Pays du roman noir, les Etats-Unis demeurent les grands pourvoyeurs des personnages de casseur en tout genre. Maître en la matière, l’antihéros Parker, créé par le romancier Richard Stark, revient dans un troisième tome adapté de son trait délicieusement rétro et efficace à la fois par Darwyn Cooke. "Le casse" conte "un coup de science-fiction" qu’un certain Edgars propose au très professionnel Parker : braquer en une nuit Cooper Canyon, une petite ville minière nichée dans un canyon. Avec ses deux banques, ses trois bijouteries et la paie des mineurs, le butin potentiel est, au bas mot, d’un quart de million - au taux de 1964. Parker le solitaire se retrouve sur le coup avec neuf autres associés. Une véritable opération commando, digne d’un James Bond, où tout ne se passera évidemment pas comme prévu. Comme dans les précédents "Le Chasseur" et "L’Organisation", le récit est rondement mené, avec une narration limpide et efficace. De quoi ravir ceux qui sont devenus des fans de Parker.

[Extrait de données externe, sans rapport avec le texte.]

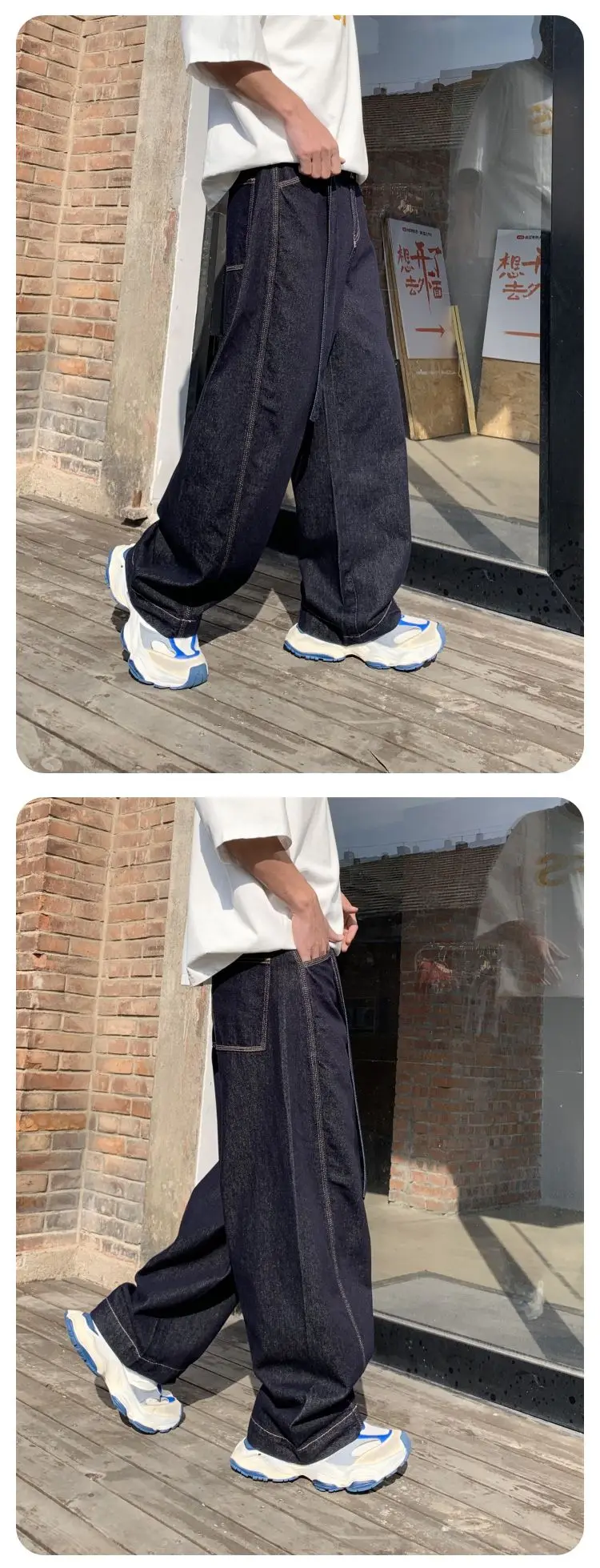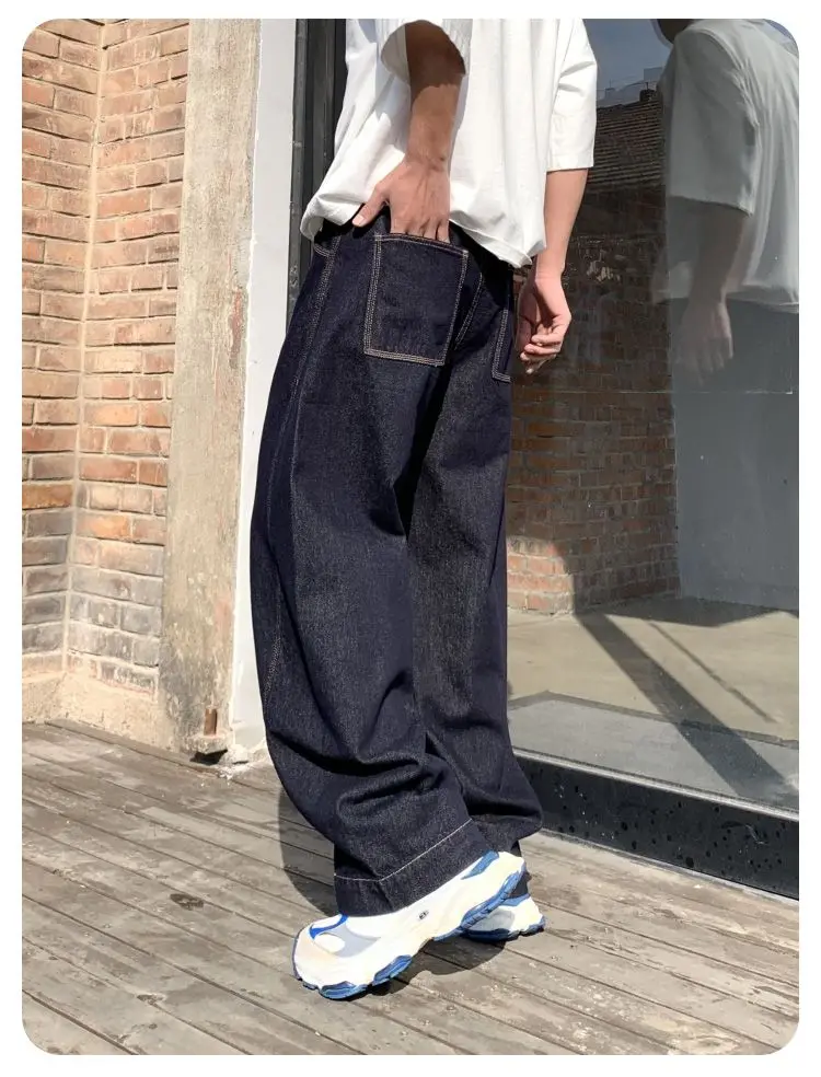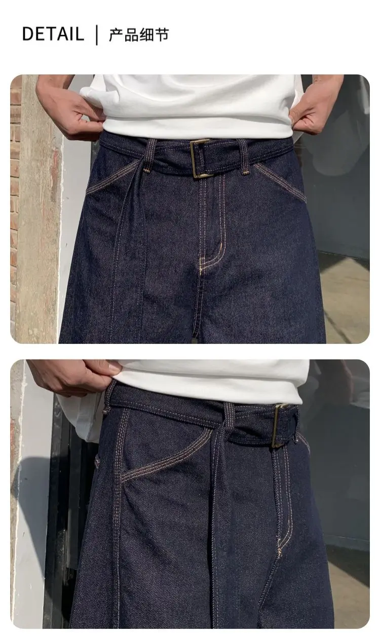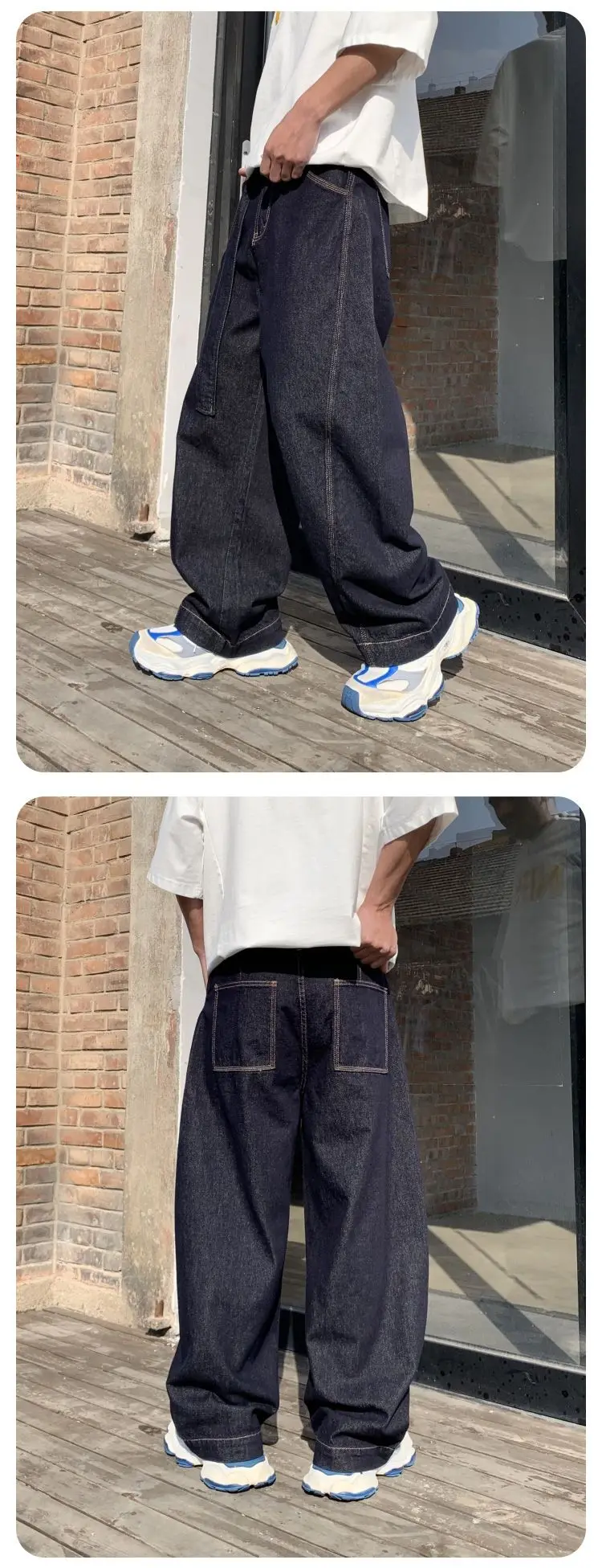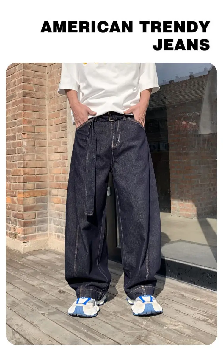 WIAOFELLAS - Latest Style Dark Blue Belted Jeans Men Loosen Fit Pure Color Denim Pants Male's Bagyy Trousers

Nouveau venu, par contre, est Conrad Paulson, "Le maître voleur". Lui aussi nous arrive d’outre-Atlantique. Il est la nouvelle création de Robert Kirkman, le scénariste de la série best-seller "Walking Dead". Exit, ici, les morts vivants. Kirkman investit le milieu des braqueurs de haut vol. Conrad, alias Redmond, est le roi de sa confrérie. Rien ne lui est inaccessible. Avec Célia, la complice qu’il a initiée, il forme une équipe imparable. Mais Conrad veut raccrocher. Parce qu’il veut se rabibocher avec son ex-épouse, et avec son fils, trop longtemps négligé. Mais comment un voleur fait-il pour arrêter ? Surtout quand son fiston se fait serrer par le FBI, lequel serait prêt à négocier avec le retraité quelque information Conrad/Redmon se retrouve alors pris entre deux feux : comment jouer la balance sans trahir ?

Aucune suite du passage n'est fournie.